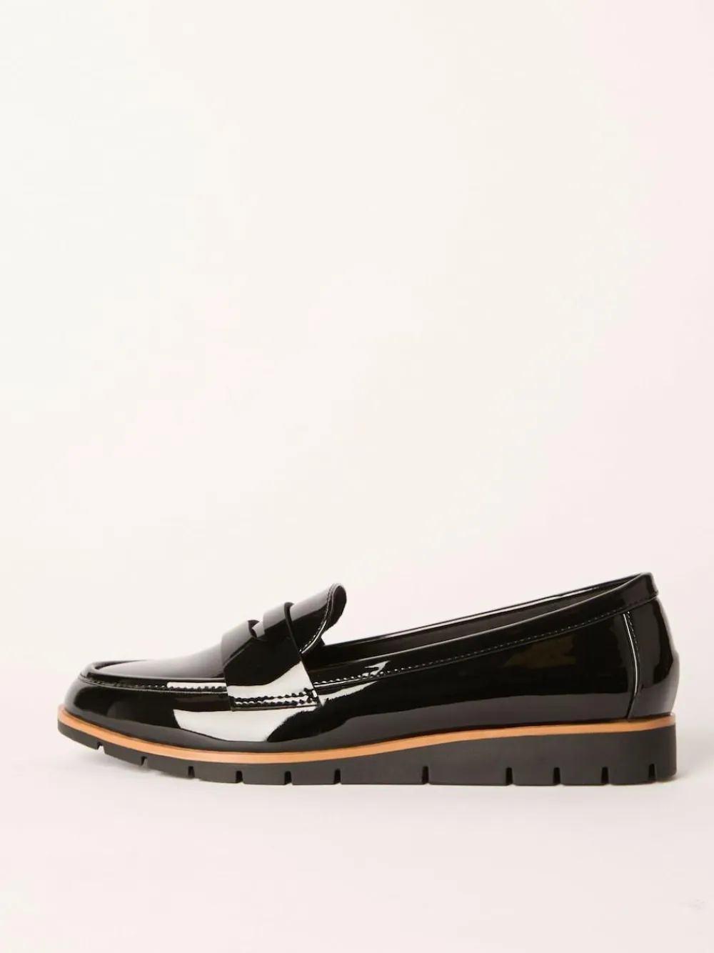 A classic slip on loafer style. Designed with a comfortable low wedge and a contrast rand style. Perfect for your workwear wardrobe. Featuring: Slip on design. Contrast rand design. Low Wedge. Chunky Sole. Faux Leather. Upper – Other Materials, Lining & Sock – Textile, Other Materials, Sole – Other Materials.
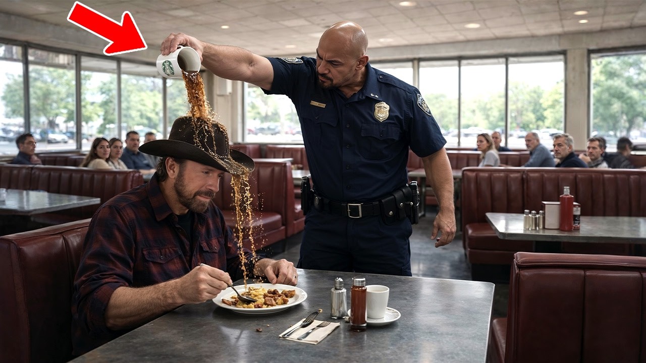 Chuck Norris walks into a diner and a police officer publicly humiliates him by pouring coffee on him, thinking he can get away with it, but he chose the wrong man. What happens next will shock you. Subscribe to the channel and comment where you’re watching from. Chuck Norris turned off the highway without any particular thought, guided less by hunger than by habit. Long stretches of road had taught him that the body often noticed what the mind ignored, and the quiet pull toward the small diner ahead felt familiar. The
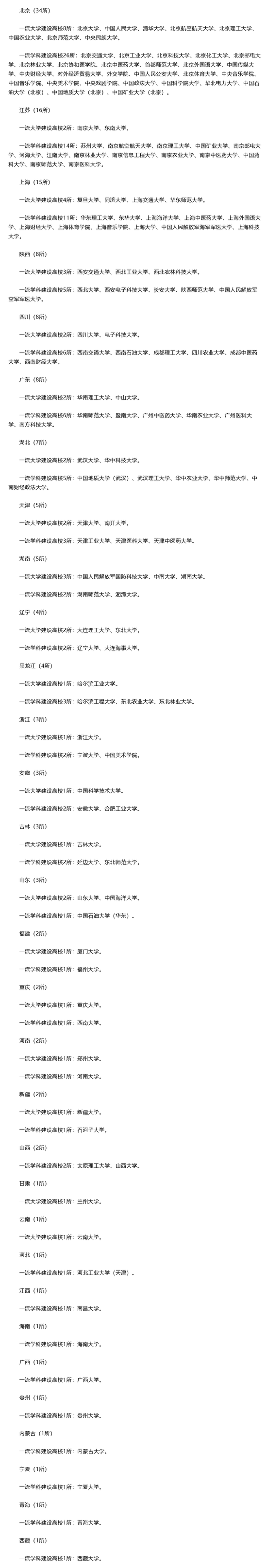 各省市“双一流”高校情况:
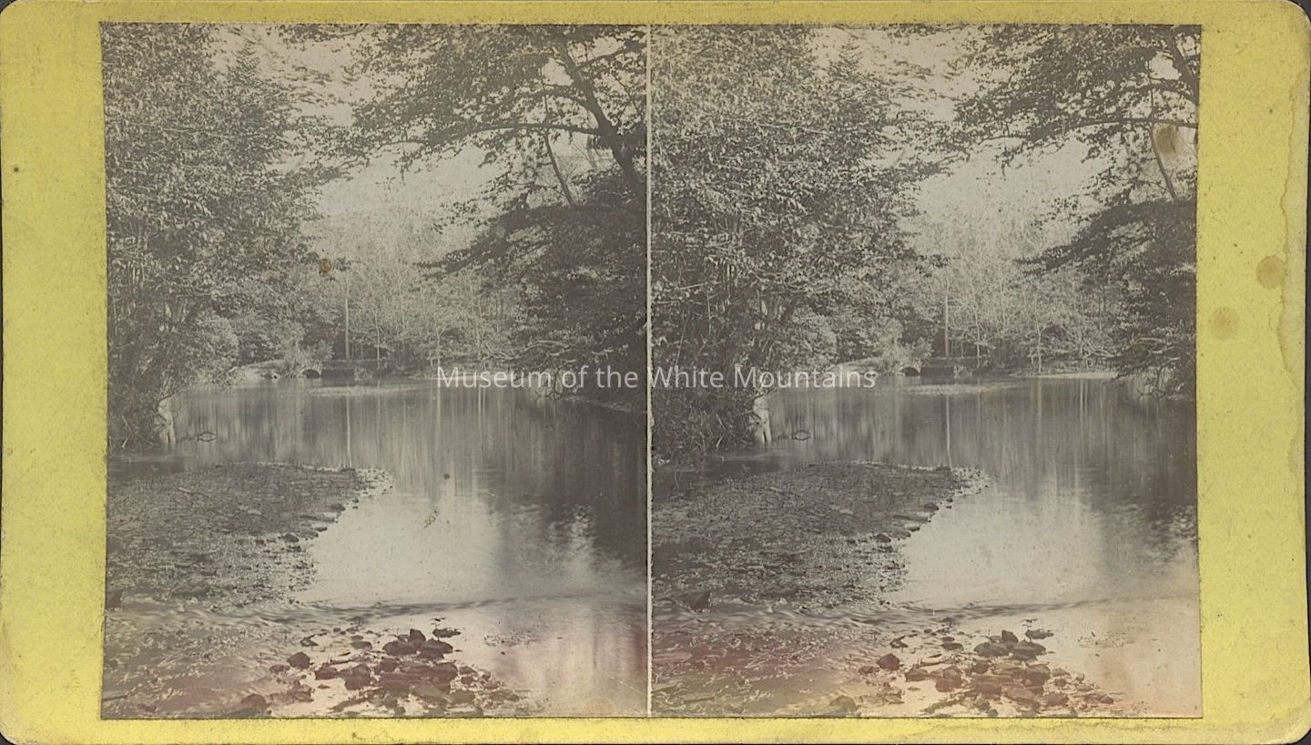 Black and white image of a lake surrounded by trees. Back Description: Plain
========================
■ WORK REQUEST
All of the lines above should be copied exactly, apart from the pictures.

■ EXERCISE OUTPUT
 A classic slip on loafer style. Designed with a comfortable low wedge and a contrast rand style. Perfect for your workwear wardrobe. Featuring: Slip on design. Contrast rand design. Low Wedge. Chunky Sole. Faux Leather. Upper – Other Materials, Lining & Sock – Textile, Other Materials, Sole – Other Materials.
 Chuck Norris walks into a diner and a police officer publicly humiliates him by pouring coffee on him, thinking he can get away with it, but he chose the wrong man. What happens next will shock you. Subscribe to the channel and comment where you’re watching from. Chuck Norris turned off the highway without any particular thought, guided less by hunger than by habit. Long stretches of road had taught him that the body often noticed what the mind ignored, and the quiet pull toward the small diner ahead felt familiar. The
 各省市“双一流”高校情况:
 Black and white image of a lake surrounded by trees. Back Description: Plain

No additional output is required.